→ **Dataset content**
_ _ _ _ _
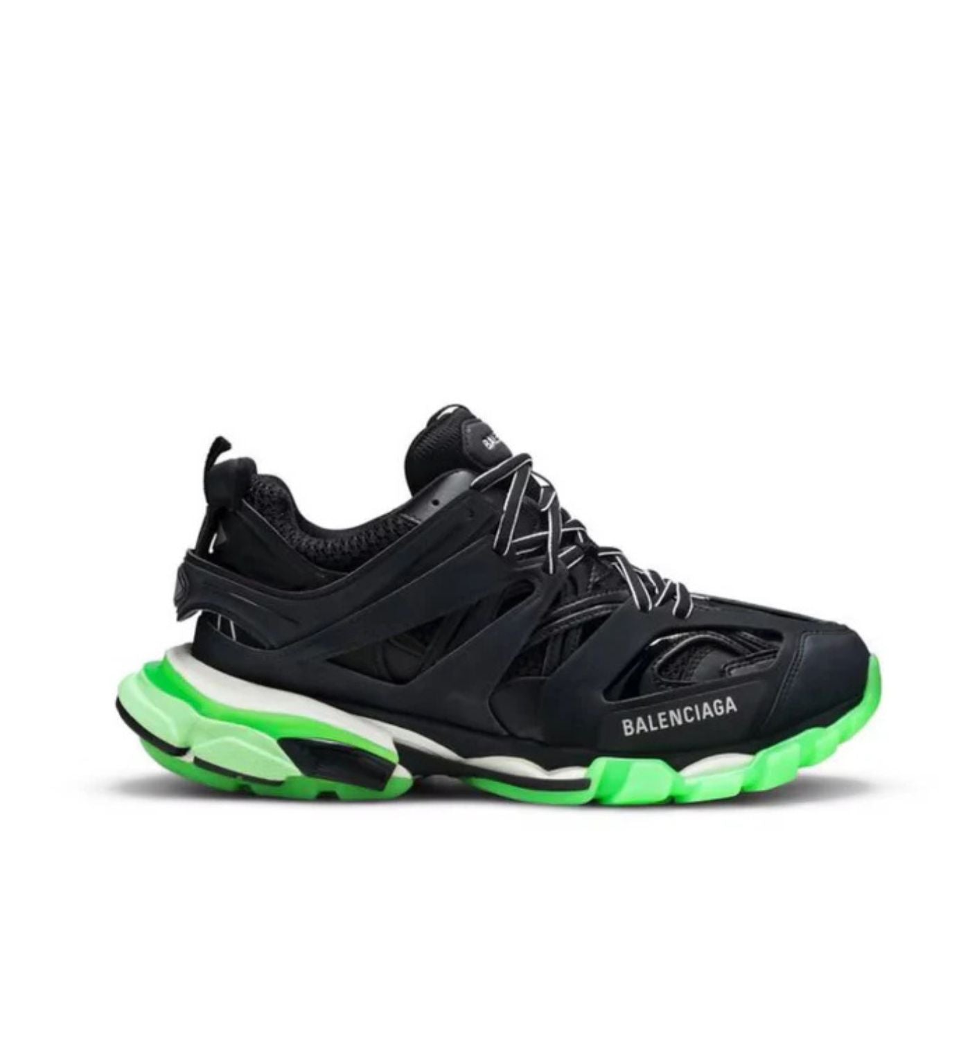 The Balenciaga Track Black Glow-In-The-Dark sneaker illuminates not just your path but also your style quotient. Designed for the night owls and the fashion-forward, this sneaker features an innovative glow-in-the-dark element that transforms your every step into a display of brilliance. The black upper, made from high-quality materials, ensures durability and a snug fit, while the glow-in-the-dark accents promise to turn heads and spark conversations.
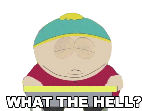 Eric Cartman from South Park angrily exclaims "WHAT THE HELL?" while sitting at a desk.
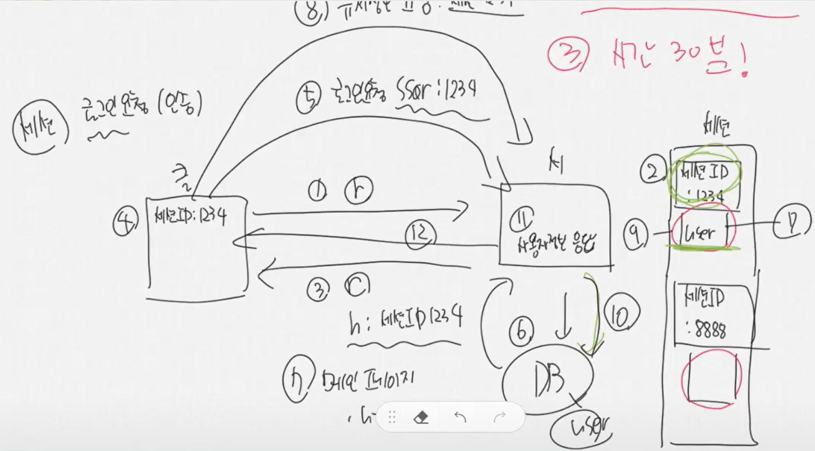 처음 웹에서 서버로 어떤 요청을 보낼때 서버에서는 웹에 html을 보내면서 http의 header에 쿠키를 담아 보낸다. 이때 쿠키에 세션ID를 담는다. 그 다음 같은 요청을 보낼때는 받은 세션ID를 요청에 담아 보내서 처음 보내는 요청이 아님을 알린다. 이때 세션ID를 다른 사람이 가져가면 막기 위해 자체 목록에 방문자 카드를 만들어서 담아둔다.(세션에 세션값을 담는다) 그러면서 최초요청에 대해 header에 쿠키를 담아 보내면서 새 방문자 카드도 같이 header에 담는다.
_ _ _ _ _
→ **Problem statement**
Restate the data exactly, though only from the line that contains "Eric Cartman from" through its last line, both ends included and with the pictures left out.

→ **Task output**
 Eric Cartman from South Park angrily exclaims "WHAT THE HELL?" while sitting at a desk.
 처음 웹에서 서버로 어떤 요청을 보낼때 서버에서는 웹에 html을 보내면서 http의 header에 쿠키를 담아 보낸다. 이때 쿠키에 세션ID를 담는다. 그 다음 같은 요청을 보낼때는 받은 세션ID를 요청에 담아 보내서 처음 보내는 요청이 아님을 알린다. 이때 세션ID를 다른 사람이 가져가면 막기 위해 자체 목록에 방문자 카드를 만들어서 담아둔다.(세션에 세션값을 담는다) 그러면서 최초요청에 대해 header에 쿠키를 담아 보내면서 새 방문자 카드도 같이 header에 담는다.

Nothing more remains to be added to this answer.